Be it a typhoon, cyclone, or hurricane, each of these names are referring to the same storm system in different locations. Storms in the western Pacific Ocean are called typhoons, storms in the South Pacific and Indian Ocean are called cyclones, and storms in the Atlantic and Eastern Pacific are called hurricanes. Scientists often refer to all three as simply “tropical cyclones.”

Chaos reigned in the days after Super Typhoon Mangkhut struck the Philippines and China. The storm made landfall as a the equivalent of a Category 5 hurricane and caused over 60 deaths upon impact. Many were the result of landslides caused by the sudden deluge of rain. Mangkhut was one of the strongest storms seen in 2018. Its wind speeds topped 165 miles per hour, 75 miles faster than Hurricane Florence. A growing human population along coastal China is leading to more residential and business development. Financial damage from the storm is estimated to be more than $30 billion U.S. dollars.

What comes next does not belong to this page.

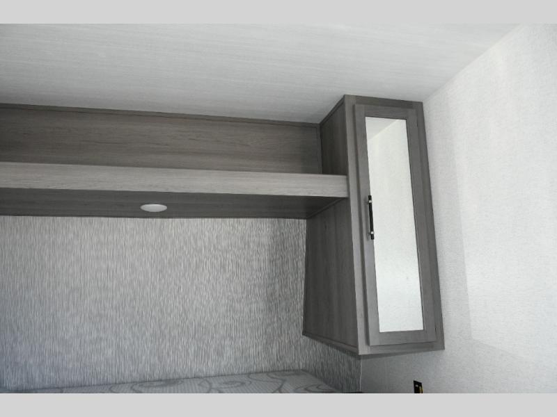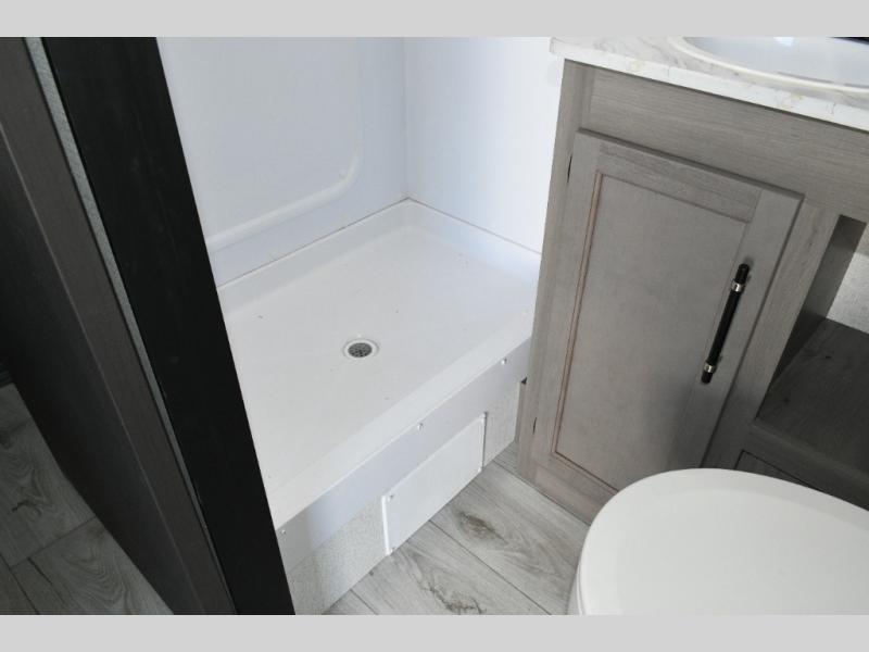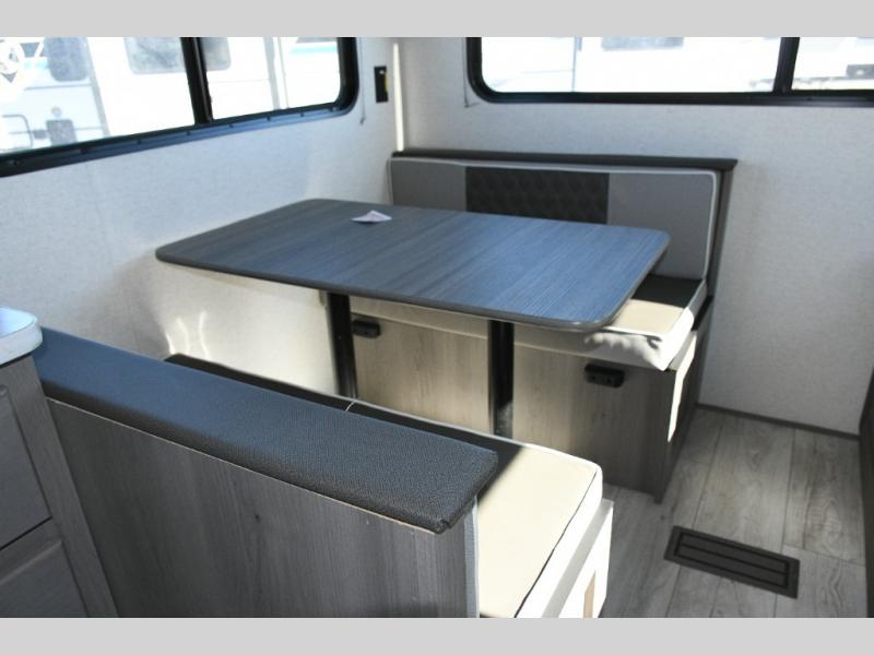 Step inside to find a front private bedroom with a queen bed, under-bed storage, dual nightstands, and dual bedroom closets to keep your gear organized. The full bathroom ensures everyone can freshen up with ease, eliminating the need to rely on campground facilities. In the back, the booth dinette provides a spot for meals, games, or planning your next outdoor adventure, while the sofa offers a cozy spot to relax at the end of the day. Both pieces of furniture also double as sleeping space, giving the trailer the flexibility to sleep four comfortably.
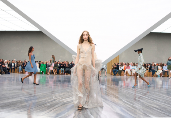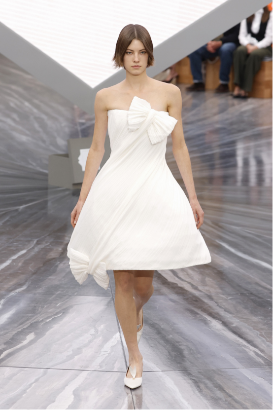 在盧浮宮、法國安妮王后的奢華夏日公寓舉行的尼古拉·蓋斯奇埃爾為路易威登帶來的最新系列,試圖捕捉"私人領(lǐng)域的無限自由"。通過對睡衣和內(nèi)衣的喚起——以及串珠花卉刺繡、緞面褶邊和巨大蝴蝶結(jié)的點(diǎn)綴——這個穿越時代的系列捕捉到了貫穿本季的浪漫情調(diào),它受歷史影響,但在結(jié)構(gòu)上卻 distinctly 現(xiàn)代,且絕不甜膩。

Flooding caused by the heavy rains of Typhoon Mangkhut in Macau, China. Here, twenty-thousand households have been left without power, forcing over a thousand citizens to flee to temporary shelters.
Flooding caused by the heavy rains of Typhoon Mangkhut in Macau, China. Here, twenty-thousand households have been left without power, forcing over a thousand citizens to flee to temporary shelters.
Photography by Imaginechina, AP

Though it received little attention from U.S. media outlets, Super Typhoon Yutu was described by meteorologists as the strongest storm of 2018. It struck the U.S. territories of the Northern Mariana Islands, including Tinian and Saipan, which sit in the eastern Pacific Ocean just north of Guam. Yutu's wind speeds topped 180 miles per hour and created storm surges as high as 20 feet. Like Hurricane Michael in the Gulf of Mexico, Super Typhoon Yutu took meteorologists by surprise as it rapidly intensified over the Pacific. It was one of the most destructive storms the islands' residents have experienced. Large swaths of the islands' key infrastructure was destroyed in what emergency responders described as the worst storm they had ever seen.